* _What you have to do_: Take the lines below from the one with "This highly skilled" through the one with "In the menu" and retype them exactly. Include nothing else, and no pictures.

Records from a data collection

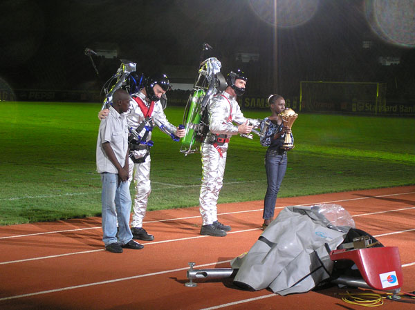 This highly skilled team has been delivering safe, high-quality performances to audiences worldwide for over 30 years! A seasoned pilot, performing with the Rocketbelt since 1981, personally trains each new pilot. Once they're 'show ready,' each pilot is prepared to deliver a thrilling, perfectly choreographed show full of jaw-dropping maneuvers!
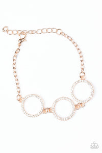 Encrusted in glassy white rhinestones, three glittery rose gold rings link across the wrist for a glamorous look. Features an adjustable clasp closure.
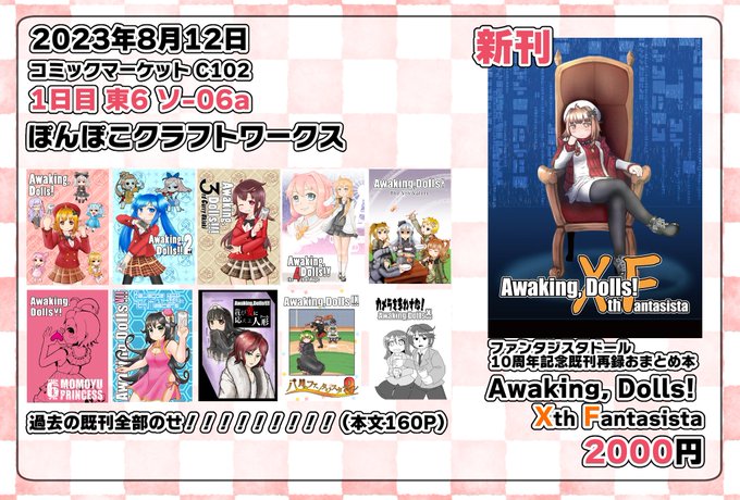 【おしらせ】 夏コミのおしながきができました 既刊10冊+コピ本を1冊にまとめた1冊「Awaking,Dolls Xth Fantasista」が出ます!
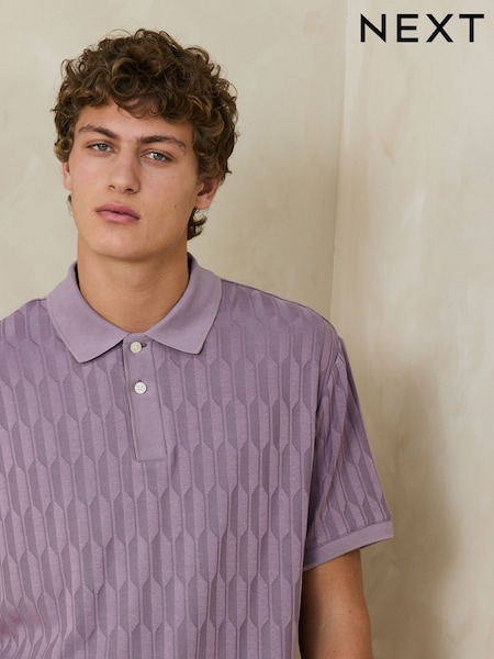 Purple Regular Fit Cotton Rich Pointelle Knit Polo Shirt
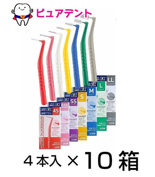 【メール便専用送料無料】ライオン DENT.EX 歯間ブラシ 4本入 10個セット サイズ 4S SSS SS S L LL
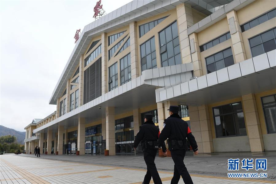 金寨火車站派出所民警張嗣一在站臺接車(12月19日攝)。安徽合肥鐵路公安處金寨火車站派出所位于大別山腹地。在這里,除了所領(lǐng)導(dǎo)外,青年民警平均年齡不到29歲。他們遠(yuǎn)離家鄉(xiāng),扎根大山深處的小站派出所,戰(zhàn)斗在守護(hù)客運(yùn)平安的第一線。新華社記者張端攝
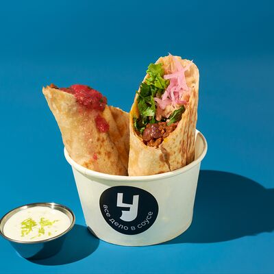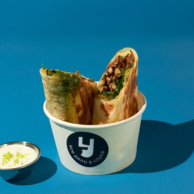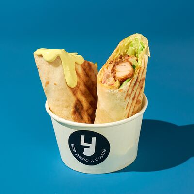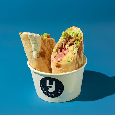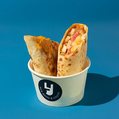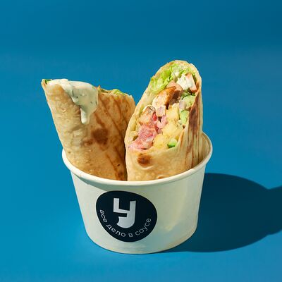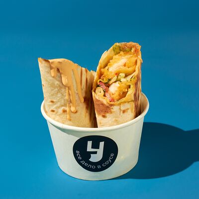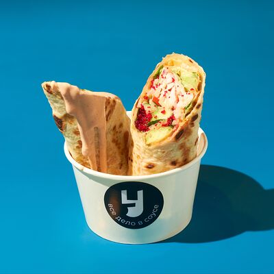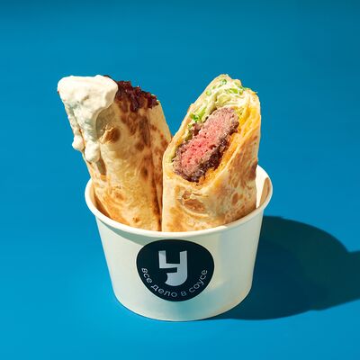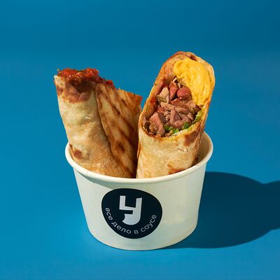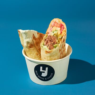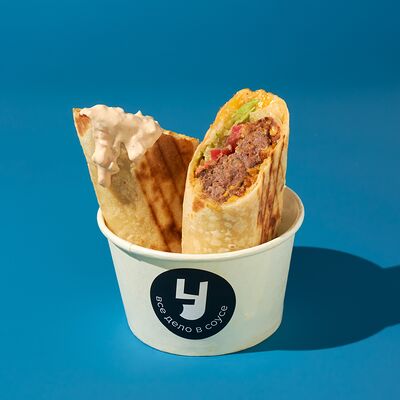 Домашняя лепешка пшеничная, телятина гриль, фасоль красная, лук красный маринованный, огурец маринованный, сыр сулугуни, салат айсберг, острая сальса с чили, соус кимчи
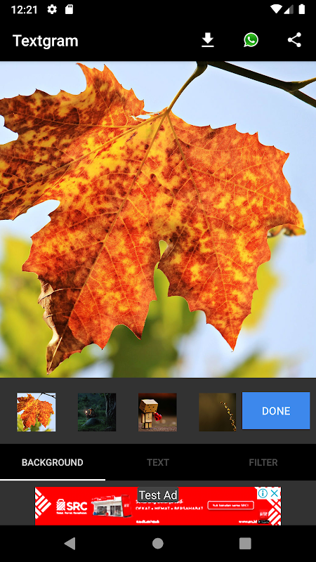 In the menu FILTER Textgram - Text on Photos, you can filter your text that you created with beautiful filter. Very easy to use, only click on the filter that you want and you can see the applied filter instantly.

---

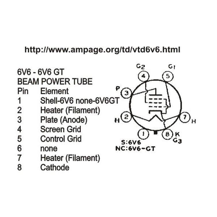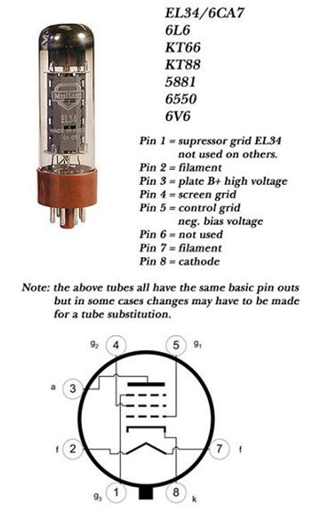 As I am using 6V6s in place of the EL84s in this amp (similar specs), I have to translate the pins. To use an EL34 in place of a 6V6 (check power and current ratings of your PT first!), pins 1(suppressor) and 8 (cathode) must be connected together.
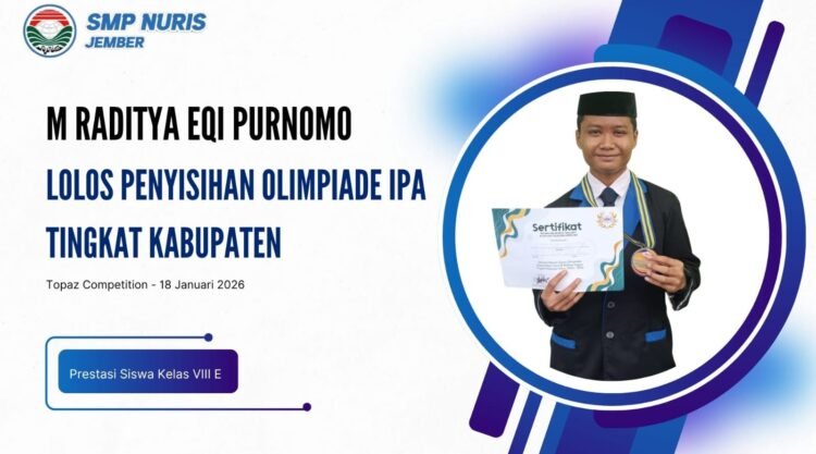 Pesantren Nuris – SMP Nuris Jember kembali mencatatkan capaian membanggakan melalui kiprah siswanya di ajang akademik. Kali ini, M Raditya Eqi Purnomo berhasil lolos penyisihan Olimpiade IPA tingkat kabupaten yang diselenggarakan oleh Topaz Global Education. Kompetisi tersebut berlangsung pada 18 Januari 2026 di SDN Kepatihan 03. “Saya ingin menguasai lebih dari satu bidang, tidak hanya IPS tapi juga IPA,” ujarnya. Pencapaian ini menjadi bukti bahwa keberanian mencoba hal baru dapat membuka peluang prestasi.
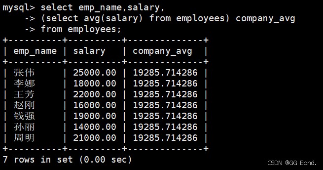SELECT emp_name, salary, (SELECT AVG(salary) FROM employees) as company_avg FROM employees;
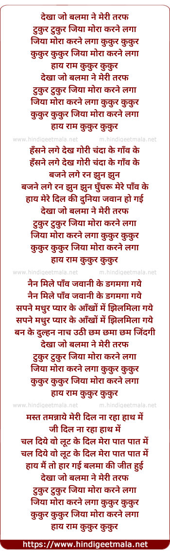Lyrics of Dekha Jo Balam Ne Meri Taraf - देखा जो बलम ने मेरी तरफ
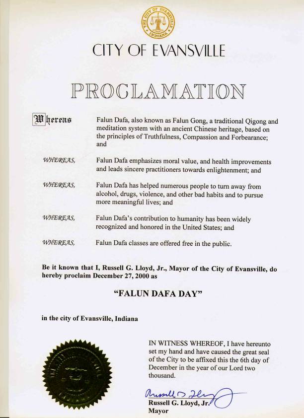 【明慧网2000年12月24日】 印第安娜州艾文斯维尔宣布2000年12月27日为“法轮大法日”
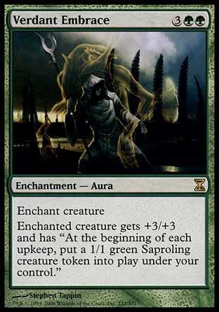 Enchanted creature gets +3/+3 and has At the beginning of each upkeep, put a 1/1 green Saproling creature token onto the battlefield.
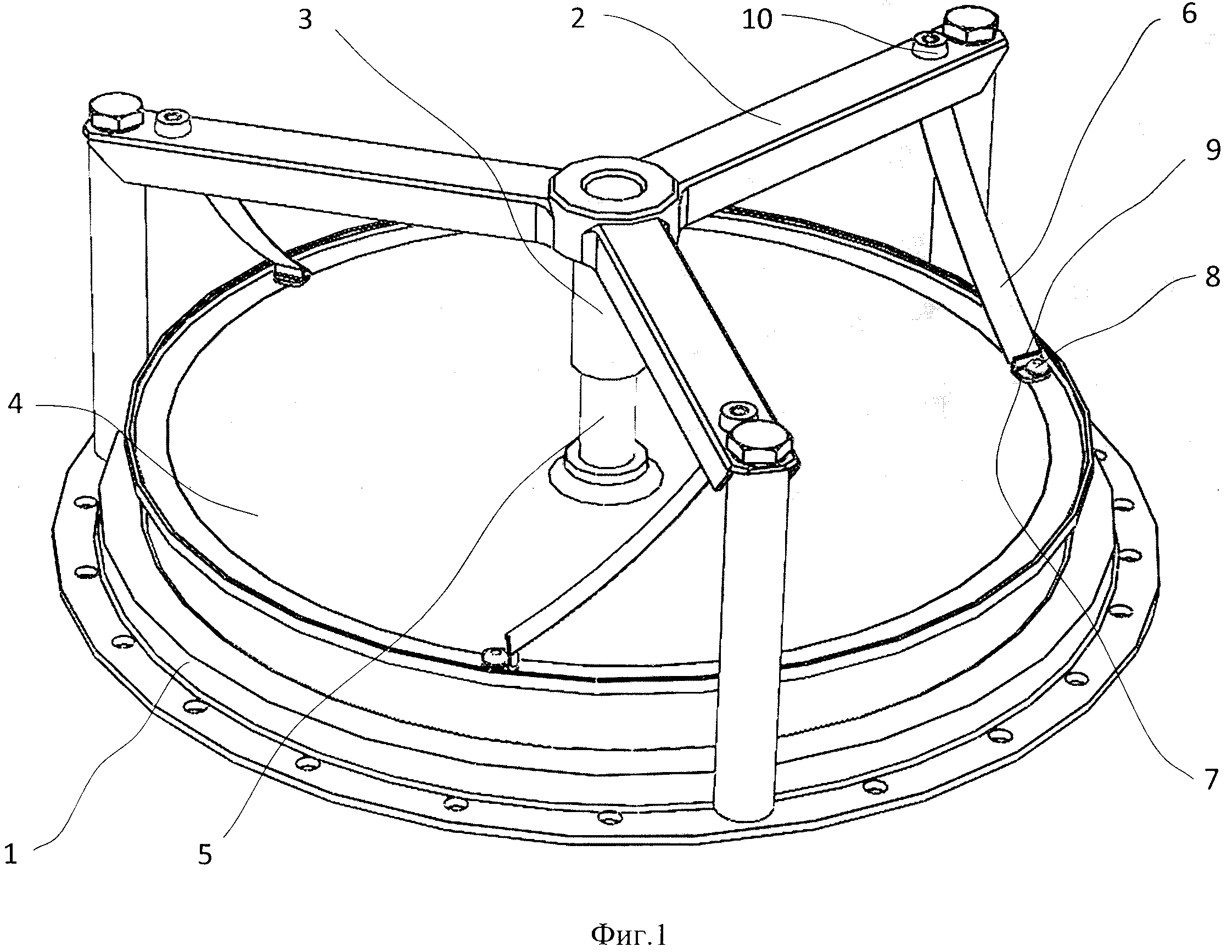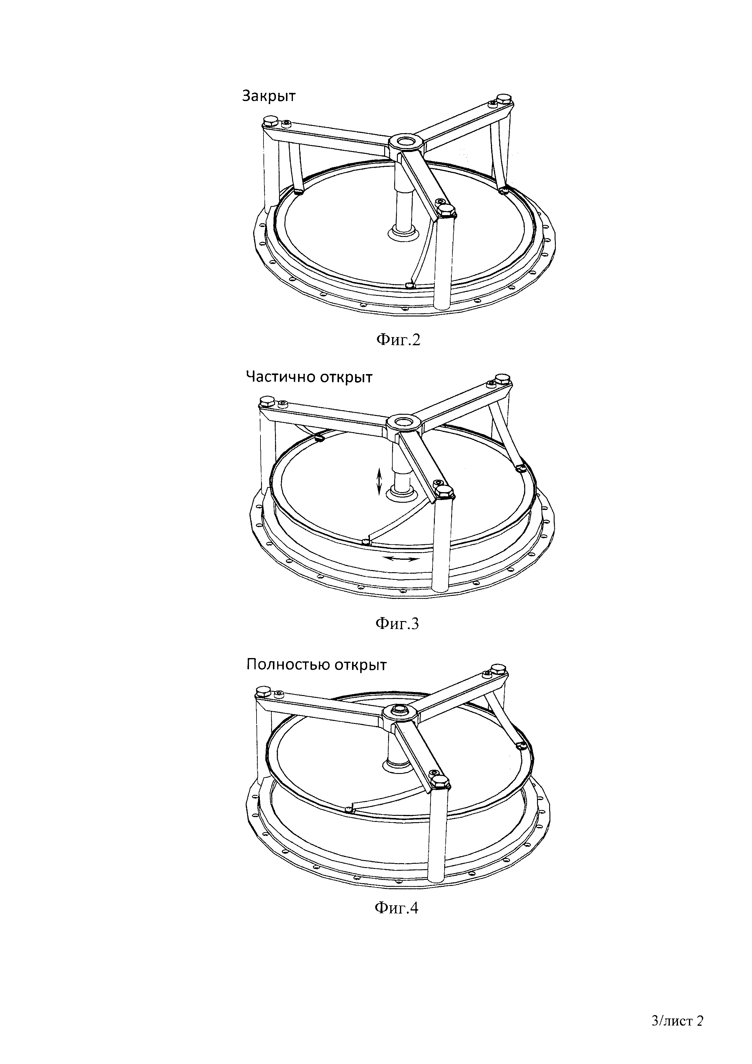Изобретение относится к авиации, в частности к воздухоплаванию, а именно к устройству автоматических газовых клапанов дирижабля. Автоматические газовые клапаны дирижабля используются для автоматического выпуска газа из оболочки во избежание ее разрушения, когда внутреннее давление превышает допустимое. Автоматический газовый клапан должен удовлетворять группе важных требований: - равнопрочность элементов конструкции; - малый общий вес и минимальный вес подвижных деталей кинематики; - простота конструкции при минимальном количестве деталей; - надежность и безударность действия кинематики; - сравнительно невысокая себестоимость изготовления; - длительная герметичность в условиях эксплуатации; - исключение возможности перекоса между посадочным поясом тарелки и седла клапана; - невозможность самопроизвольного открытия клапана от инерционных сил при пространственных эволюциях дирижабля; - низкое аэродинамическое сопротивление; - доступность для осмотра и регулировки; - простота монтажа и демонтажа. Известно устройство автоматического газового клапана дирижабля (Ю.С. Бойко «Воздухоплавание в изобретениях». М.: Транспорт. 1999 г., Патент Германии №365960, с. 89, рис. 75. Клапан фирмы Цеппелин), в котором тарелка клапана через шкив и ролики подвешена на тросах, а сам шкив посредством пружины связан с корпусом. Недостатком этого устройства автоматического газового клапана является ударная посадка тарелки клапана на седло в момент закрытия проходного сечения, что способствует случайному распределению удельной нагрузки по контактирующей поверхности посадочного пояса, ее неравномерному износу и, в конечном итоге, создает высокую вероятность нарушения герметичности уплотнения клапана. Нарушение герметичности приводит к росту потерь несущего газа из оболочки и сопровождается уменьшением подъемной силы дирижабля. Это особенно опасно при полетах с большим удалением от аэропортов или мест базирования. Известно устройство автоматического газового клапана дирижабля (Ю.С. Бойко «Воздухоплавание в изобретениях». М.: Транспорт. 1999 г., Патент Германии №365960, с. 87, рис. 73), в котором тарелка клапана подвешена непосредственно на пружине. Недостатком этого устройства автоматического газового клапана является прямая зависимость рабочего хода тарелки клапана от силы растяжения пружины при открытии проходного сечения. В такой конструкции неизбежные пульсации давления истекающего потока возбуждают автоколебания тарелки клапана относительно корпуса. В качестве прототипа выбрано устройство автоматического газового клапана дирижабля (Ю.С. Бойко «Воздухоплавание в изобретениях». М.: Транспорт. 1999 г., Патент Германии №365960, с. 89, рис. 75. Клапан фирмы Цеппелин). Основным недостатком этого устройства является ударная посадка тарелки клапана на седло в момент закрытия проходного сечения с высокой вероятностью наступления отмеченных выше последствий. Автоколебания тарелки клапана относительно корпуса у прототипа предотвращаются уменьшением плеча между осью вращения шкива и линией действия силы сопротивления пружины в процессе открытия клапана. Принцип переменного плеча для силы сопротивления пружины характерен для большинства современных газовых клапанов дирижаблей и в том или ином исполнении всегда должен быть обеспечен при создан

* _Solution_:
 This highly skilled team has been delivering safe, high-quality performances to audiences worldwide for over 30 years! A seasoned pilot, performing with the Rocketbelt since 1981, personally trains each new pilot. Once they're 'show ready,' each pilot is prepared to deliver a thrilling, perfectly choreographed show full of jaw-dropping maneuvers!
 Encrusted in glassy white rhinestones, three glittery rose gold rings link across the wrist for a glamorous look. Features an adjustable clasp closure.
 【おしらせ】 夏コミのおしながきができました 既刊10冊+コピ本を1冊にまとめた1冊「Awaking,Dolls Xth Fantasista」が出ます!
 Purple Regular Fit Cotton Rich Pointelle Knit Polo Shirt
 【メール便専用送料無料】ライオン DENT.EX 歯間ブラシ 4本入 10個セット サイズ 4S SSS SS S L LL
 金寨火車站派出所民警張嗣一在站臺接車(12月19日攝)。安徽合肥鐵路公安處金寨火車站派出所位于大別山腹地。在這里,除了所領(lǐng)導(dǎo)外,青年民警平均年齡不到29歲。他們遠(yuǎn)離家鄉(xiāng),扎根大山深處的小站派出所,戰(zhàn)斗在守護(hù)客運(yùn)平安的第一線。新華社記者張端攝
 Домашняя лепешка пшеничная, телятина гриль, фасоль красная, лук красный маринованный, огурец маринованный, сыр сулугуни, салат айсберг, острая сальса с чили, соус кимчи
 In the menu FILTER Textgram - Text on Photos, you can filter your text that you created with beautiful filter. Very easy to use, only click on the filter that you want and you can see the applied filter instantly.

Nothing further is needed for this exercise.